Extracted records:
□ □ □ □
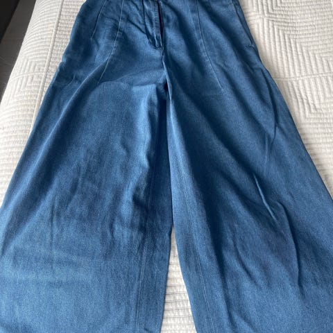 Flott retro slengbukse arvet av tane, fra trolig 80tallet. Dansk design i str 36, men denne passet meg akkurat som bruker str 24/32. Så vil si den er en XS. Høyt liv og flott flare, man får veldig fin rumpe i denne! En oljeflekk nederst på høyre fot - se bilder. Selges derfor billig.
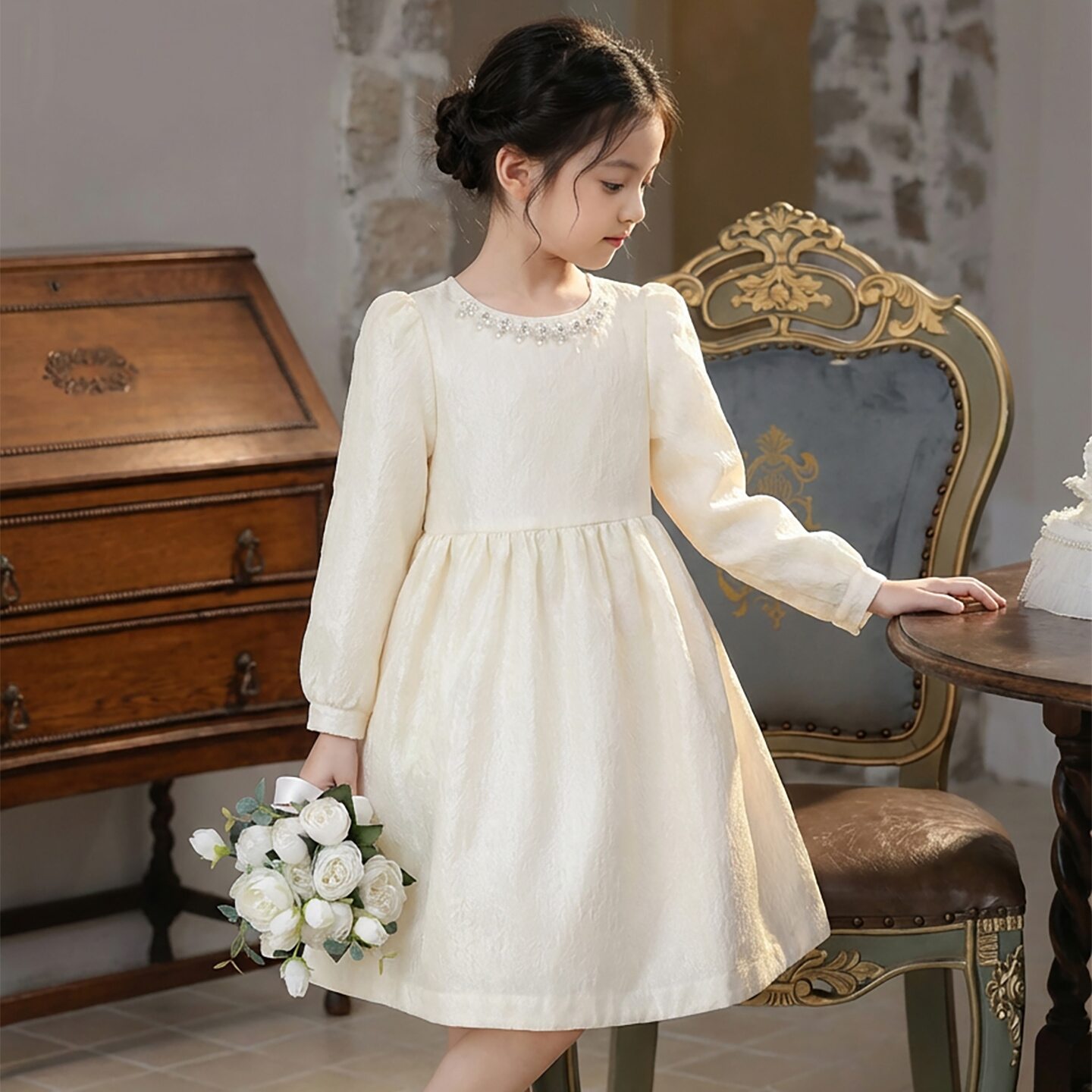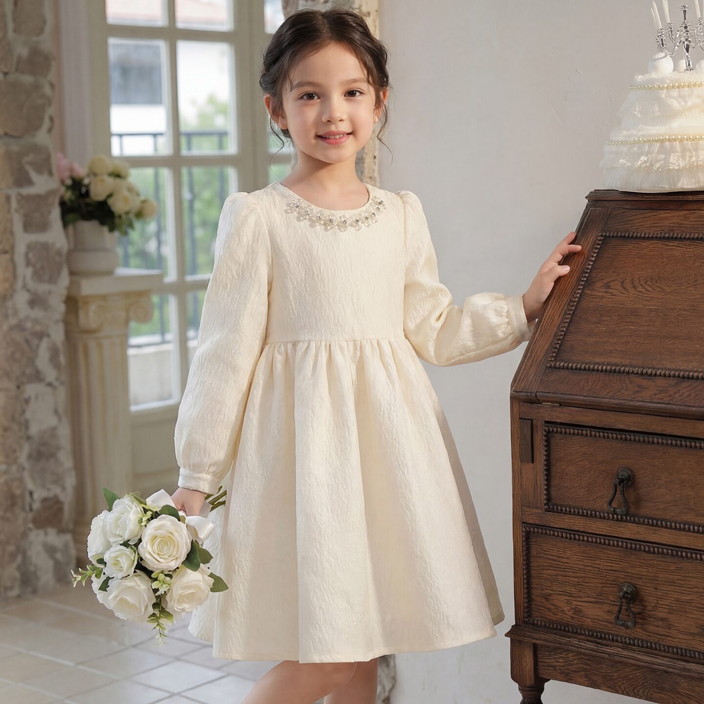 女童连衣裙春季2026新款女孩生日洋气公主裙儿童长袖礼服春装裙子
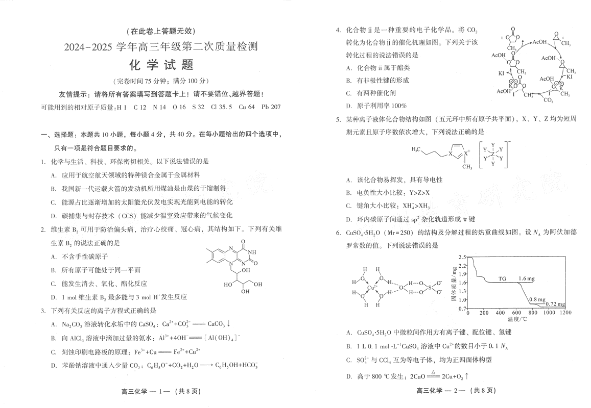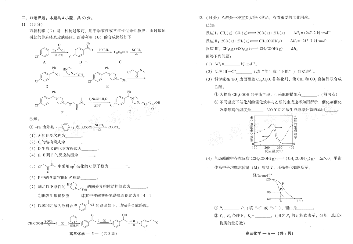 福州二检2024-2025学年高三第二次质检化学试题及答案
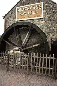 | World of Timber / Blackgang sawmill | 1981 | 2016 | This was originally called "Blackgang Sawmill", and was a separate attraction from the main park (though visitors could buy a combined ticket for both). The original narration was by TV presenter John Craven . It was an award-winning heritage exhibition 'telling the story of timber' in the setting of an old water mill. Some of the features included the workshops of the blacksmith and wheelwright, the mill owner's cottage, numerous working steam and oil engines, 'Timber at Sea', 'Timber in the Home' and the Mill Pond Gardens, water from which drove the water wheel. This attraction was closed and all its exhibits removed in 2016. | ![]() Inside blackgang sawmill. ![]() | |
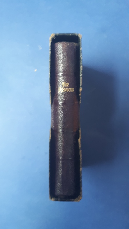 Rouen, Chez la Veuve de Pierre Dumesnil 1792, 170x105mm, relié veau marbré de l’époque, fleurons dorés, pièce de titre, tranches rouge, gardes marbré, dos à cinq faux-nerfs. Nom du possesseur (François de Reynold) sur le haut de la page de garde supérieure. Hormis coins emoussés, bel exemplaire.
□ □ □ □
**Instructions for the task**
Drop every picture, then write out the remaining entries above exactly as they appear.

**Answer for the task**
 Flott retro slengbukse arvet av tane, fra trolig 80tallet. Dansk design i str 36, men denne passet meg akkurat som bruker str 24/32. Så vil si den er en XS. Høyt liv og flott flare, man får veldig fin rumpe i denne! En oljeflekk nederst på høyre fot - se bilder. Selges derfor billig.
 女童连衣裙春季2026新款女孩生日洋气公主裙儿童长袖礼服春装裙子
 福州二检2024-2025学年高三第二次质检化学试题及答案
 | World of Timber / Blackgang sawmill | 1981 | 2016 | This was originally called "Blackgang Sawmill", and was a separate attraction from the main park (though visitors could buy a combined ticket for both). The original narration was by TV presenter John Craven . It was an award-winning heritage exhibition 'telling the story of timber' in the setting of an old water mill. Some of the features included the workshops of the blacksmith and wheelwright, the mill owner's cottage, numerous working steam and oil engines, 'Timber at Sea', 'Timber in the Home' and the Mill Pond Gardens, water from which drove the water wheel. This attraction was closed and all its exhibits removed in 2016. | ![]() Inside blackgang sawmill. ![]() | |
 Rouen, Chez la Veuve de Pierre Dumesnil 1792, 170x105mm, relié veau marbré de l’époque, fleurons dorés, pièce de titre, tranches rouge, gardes marbré, dos à cinq faux-nerfs. Nom du possesseur (François de Reynold) sur le haut de la page de garde supérieure. Hormis coins emoussés, bel exemplaire.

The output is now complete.